> [Assignment]
Extract, exactly and without pictures, every line from the one that includes "Large Tree of" through the final line of the material below.

—————

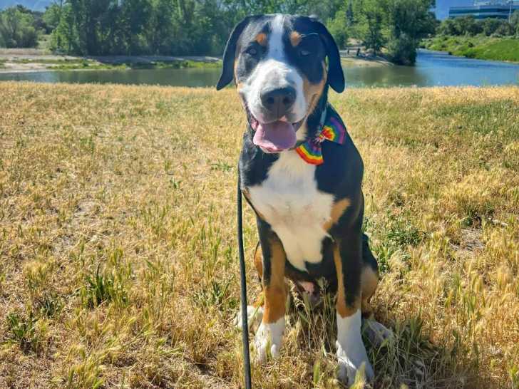 Un Bouvier d’Appenzell assis sur un terrain herbeux et qui est tenu en laisse
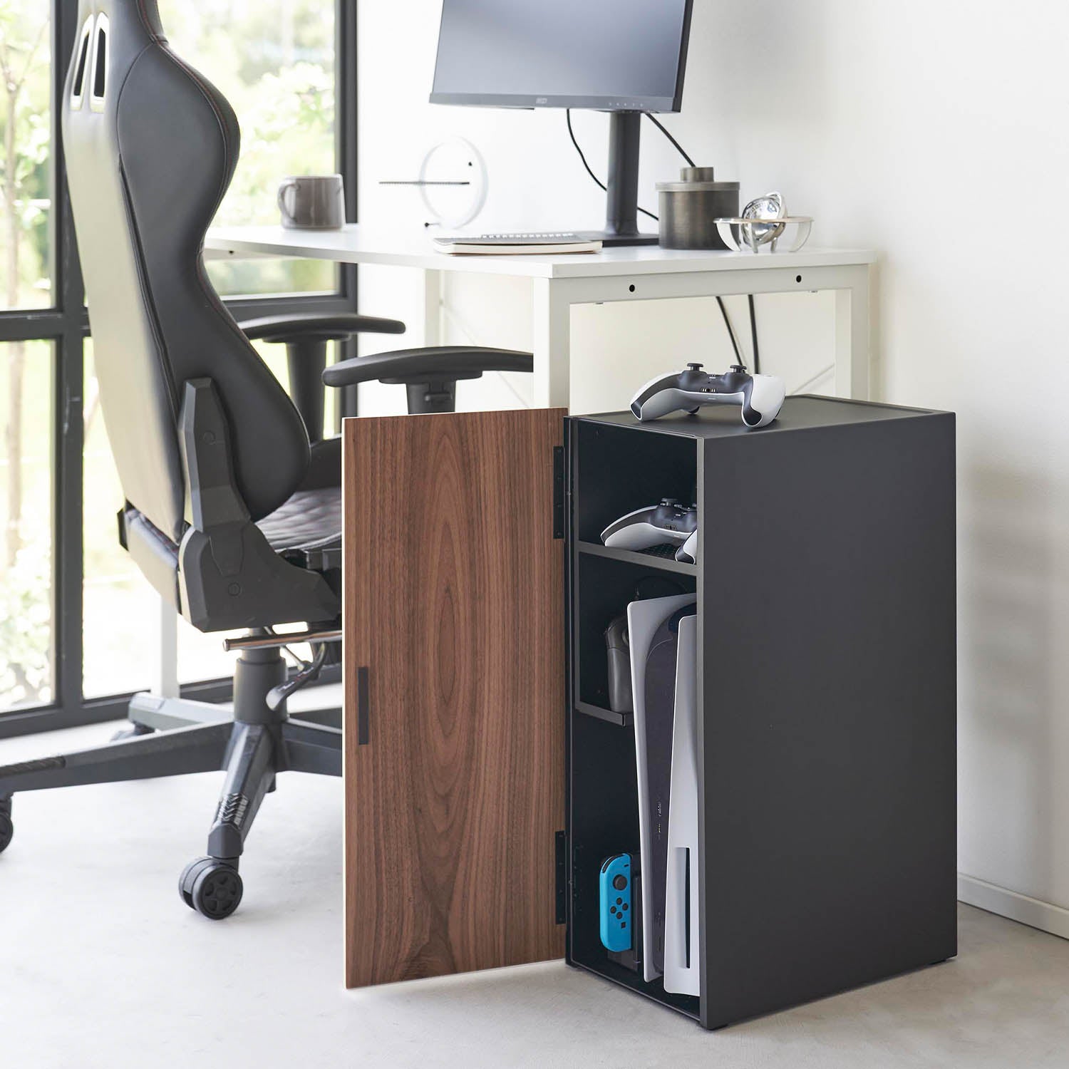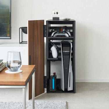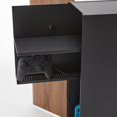 A functional rack that neatly stores and conceals your gaming console and controllers.
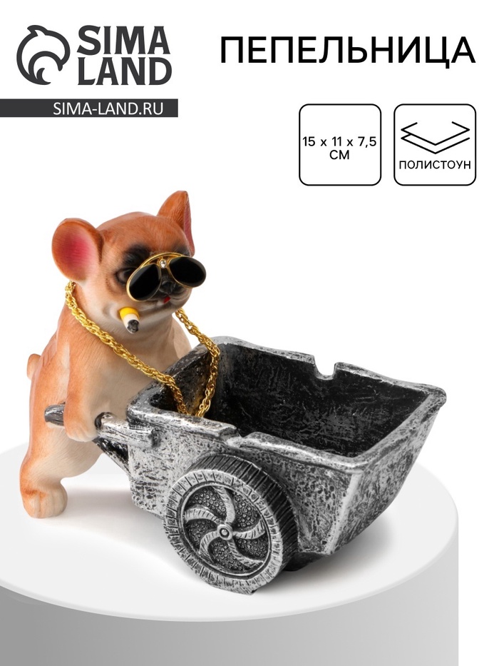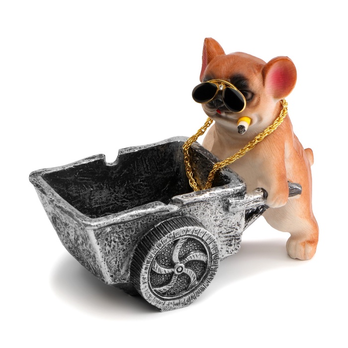 Пепельница для дома «Мопс с тележкой», для сигарет и стиков, 15×11×7.5 см — Характеристики
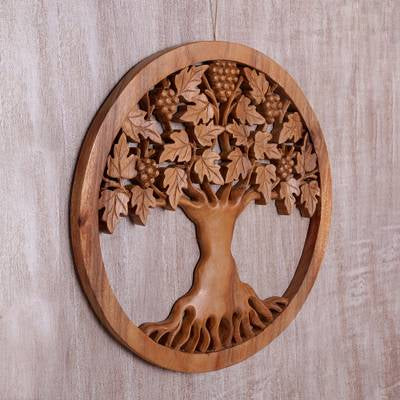 Large Tree of Life Grapes Panel - 40cm | Suar Wood | Decoration | Wall Hanging | Wall Art | Spirituality | Wiccan | Pagan | Gift | BohoThis is a beautiful 40x40 Tree of Life with Grapes Panel. It is sure to be a statement piece! This...
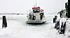 Mens de store fergene sliter med isen, jobber «Jutøya» seg fram i råken mellom Tenvik og Veierland. Se film!

—————

> [Solution for this problem]
 Large Tree of Life Grapes Panel - 40cm | Suar Wood | Decoration | Wall Hanging | Wall Art | Spirituality | Wiccan | Pagan | Gift | BohoThis is a beautiful 40x40 Tree of Life with Grapes Panel. It is sure to be a statement piece! This...
 Mens de store fergene sliter med isen, jobber «Jutøya» seg fram i råken mellom Tenvik og Veierland. Se film!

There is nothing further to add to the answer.